Constantin Șerban-Rădoi, a senior backend engineer in the Fintech team works on various projects including the checkout and payments systems. As part of the company’s efforts to move away from a monolith his team is trying to extract the business logic into separate microservices piece by piece. He shares how his team solved a memory usage issue they faced while extracting an image processing microservice.

The most recently extracted microservice is an image processing service that resizes, crops, re-encodes, and performs other processing operations on images. This service is a Java application built with Spring Boot in a Docker container and deployed to our Kubernetes cluster hosted in AWS. While implementing this service, we stumbled upon an enormous problem: the service had issues with memory usage.
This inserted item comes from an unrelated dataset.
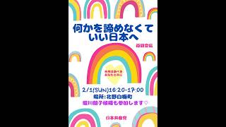 - 大河原としたか選挙区予定候補、大門みきし参院議員(比例代表)が決意表明
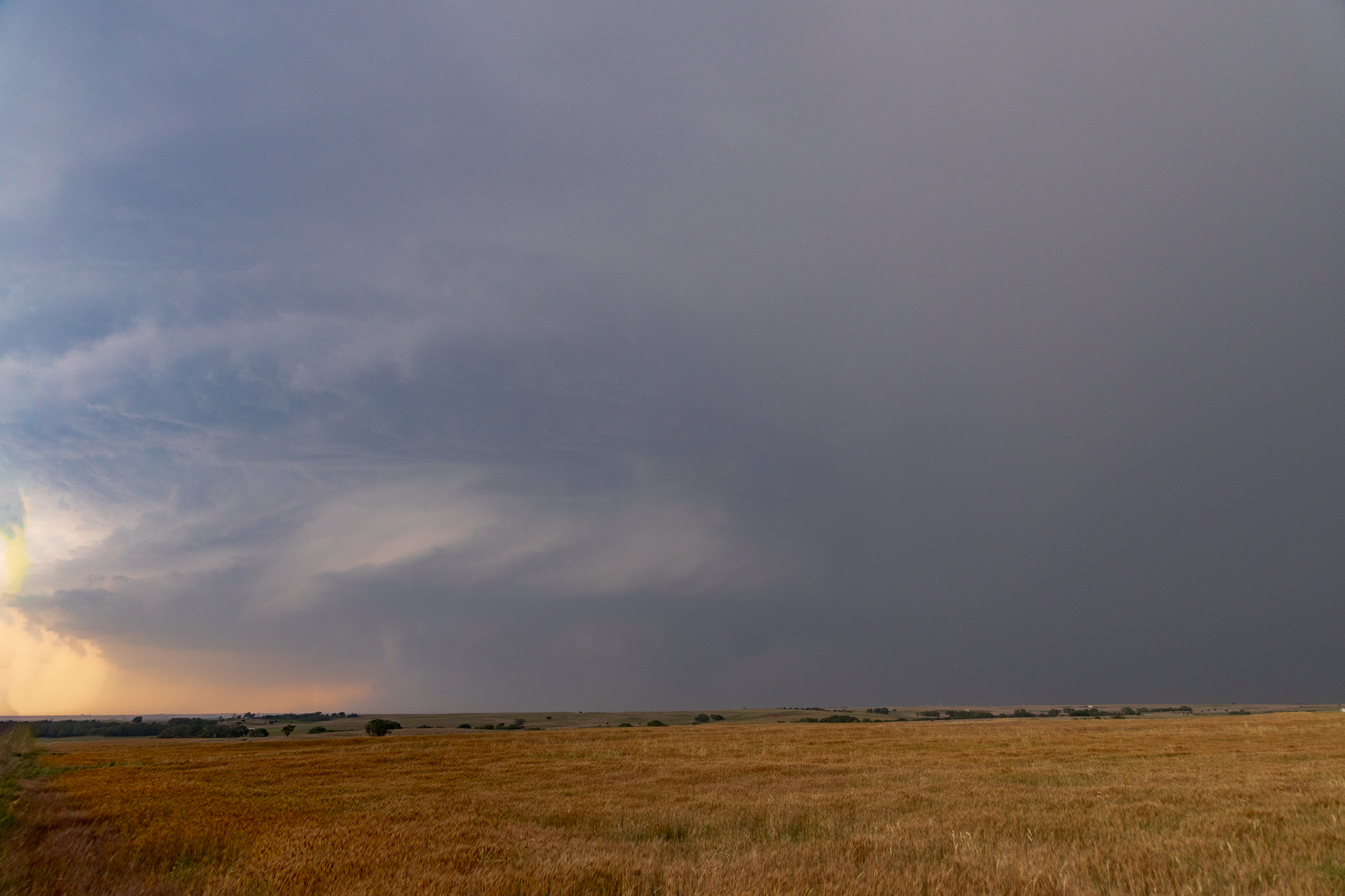 As I dropped south on highway 34, I was getting a good look at the structure of the storm. It was currently to my west, slowly drifting east. The bottom updraft had absolutely taken over and congealed into the main lone supercell in Western Oklahoma. The NWS slapped a tornado warning on it for awhile as I approached and setup ahead of the storm southwest of Butler next to Foss Lake.

This article will discuss our approach to identifying and fixing these problems. I'll begin with a brief introduction to general memory issues, and then dive deep into our process for solving this problem.

I thought it was a memory leak. But, with a mixture of patience, intuition, and meticulously using the memory analyzer (MAT), my "aha" moment came when I compared the memory usage from one snapshot to another, and realized the problem was the number of threads spawned by Spring Boot

An overview of memory issues

There are many kinds of errors that directly or indirectly affect an application. This post focuses on two of these issues: the OOM (out of memory) errors and memory leaks. Investigating these kinds of errors can be a daunting task, and we will go through the steps we took to fix one such error in a service that we have developed.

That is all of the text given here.